The message states, "that, as a measure of precaution and forecaste, a large force was placed at Detroit, before the declaration of war, with a view to its security; and, in the event of war, to such operations in Upper Canada, as would

prevent the influence of the British [officers or agents] over the savages, obtain command of the lake, on which Upper Canada borders, and maintain co-operating relations with such forces as might be employed against other parts" [of the British Provinces.] The unfortunate result of General Hull's invasion of Upper Canada, and the fall of Detroit are then noticed. Complaint is then made of the employment of the savage tribes, by the British general, in attacks on the troops and inhabitants of the United States.

The protection of the northwestern frontiers, it is added, had been given to General Harrison, "who had the entire confidence of his fellow-soldiers and fellow-citizens, in that part of the country." The message refers to the attack made on Queenstown under General Van Rensselaer, in October; and it is said, "that the attack was conducted with. distinguished gallantry." The President says, the object had been "to gain command of the lakes; and that a naval force would be provided there superior to that of the British." The refusal of the Governors of Massachusetts and Connecticut to call out the militia and place them under the command of an officer of the regular army, was thus noticed in the message; "if the authority [of the federal government] to call the militia into service and command for the public defence, can be thus frustrated, in a state of war, and of course, under apprehensions of invasion preceding war, we are not one nation for the purpose most of all requiring it; and the public safety may have no other resource than in those large and permanent military establishments, which are forbidden by the principles of our free government, and against the necessity of which the militia were intended to be a constitutional bulwark."

"On the coasts and on the ocean, the war has been as successful, as circumstances connected with its early stages could promise. Our public ships and private cruisers, by their activity, and where there was occasion, by their intrepidity, have made the enemy sensible of the difference between a reciprocity of captures, and the long confinement of them to their side. Our trade, with some exceptions, has safely reached our ports, having been much favored and protected by our public armed vessels.

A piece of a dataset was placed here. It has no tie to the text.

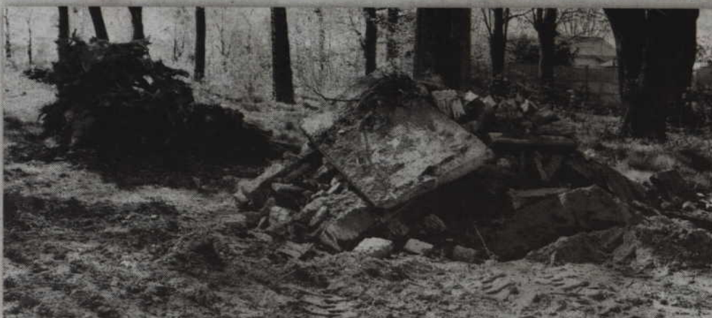
Z resztek grobowców, tablic z imionami i nazwiskami spoczywających na cmentarzu ludzi oraz kamieni usypano dużą hałdę.

"Anxious to abridge the evils from which a state of war cannot be exempt, I lost no time, after it was declared, in conveying to the British government the terms on which its progress might be arrested, without waiting the delays of a formal and final pacification; and the Envoy at Lon

don was authorized to agree to an Armistice founded upon them. These terms required, that the orders in council should be repealed as they affected the United States, without a revival of blockades violating acknowledged rules: that there should be an immediate discharge of American seamen from British ships, and a stop put to impressments from American ships in future; with an understanding that an exclusion of the seamen of each nation from the ships of the other should be stipulated; and that the Armistice should be improved into a definitive and comprehensive adjustment of depending controversies.

"Although a repeal of the orders in council, susceptible of explanation meeting the views of this government, had taken place before this pacific advance, was communicated to that of Great Britain, the proposition was declined, from an avowed repugnance to suspend the practice of impressments during the Armistice; and without any intimation that the arrangement proposed respecting seamen would be accepted. Whether the subsequent communications from this government, affording an occcasion for reconsidering the subject, on the part of Great Britain, will be viewed in a more favorable light, remains to be known. It would be unwise to relax our measures, on a presumption of such a result.

"Our affairs with France retain the posture which they held at my last communications to Congress. Notwithstanding the authorized expectation of an early and favorable issue to the discussions on foot, these have been procrastinated to the latest dates. The only occurrence meriting attention is the promulgation of a French decree, purporting to be a definitive repeal of the Berlin and Milan decree. This proceeding, although made the ground of the repeal of the British orders, is rendered, by the time and manner of it, liable to many objections.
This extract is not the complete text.